In March 2026, Sharif announced emergency energy-saving measures, including a four-day work week and school closures, in response to rising global fuel prices caused by the 2026 Iran war.

=== Youth empowerment ===

Sharif's government has promoted youth empowerment and entrepreneurship. On International Youth Day in 2024, Sharif announced an Rs.100 billion boost for over 300,000 young entrepreneurs as a part of the Prime Minister's Youth Programme, in addition to the launch of several youth empowerment schemes. He also announced that the government would provide 1 million smartphones, tablets, and laptops to students across the country on the basis of merit, alongside personally funding the education of 1,000 graduates of agriculture in China. Sharif also created a youth employment action plan across Pakistan.
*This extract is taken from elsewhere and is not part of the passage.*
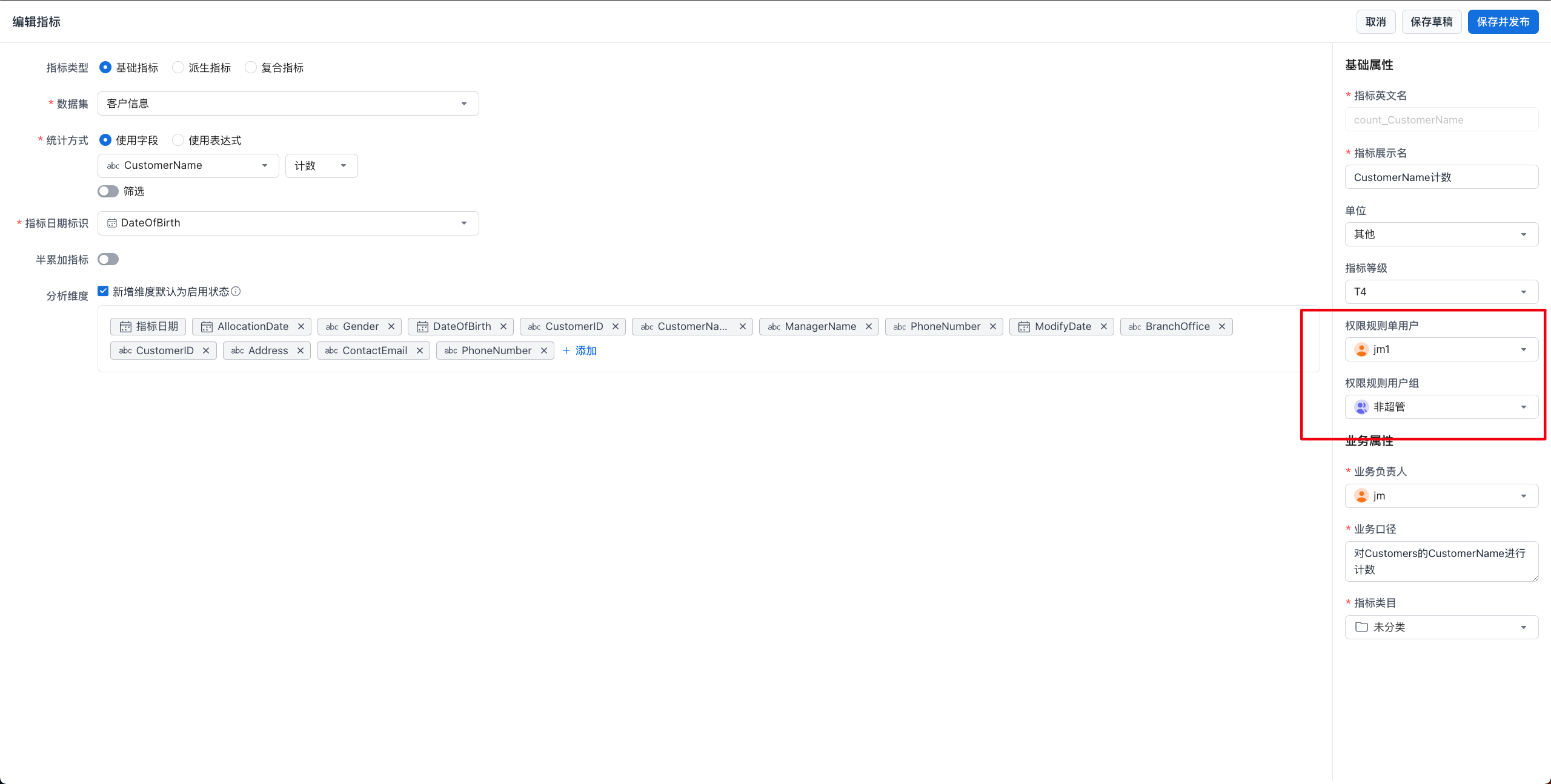 创建指标,指定基础属性中“权限规则单用户”与“权限规则用户组”。如下图

As a part of this plan, a laptop scheme provided over 600,000 laptops on the basis of merit to young Pakistanis, in addition to youth training initiatives across 268 universities across the country under the Prime Minister Green Youth Program. Sharif also formed the National Youth Council, composed of 113 youth representatives (aged 10–29), aimed at amplifying youth development and integrating young Pakistanis into policy-making.

=== Healthcare ===
On World Health Day in 2024, Sharif vowed to expand medical facilities across Pakistan to be accessible for all people, partnering with provincial governments to upgrade and establish medical facilities, launch mobile health clinics, and ensure cost-free treatment for lower-and-middle class families. Sharif also ordered the use of advanced technology to advance digitised health reforms across the country, alongside the creation of oversight mechanisms to crack down on healthcare violations.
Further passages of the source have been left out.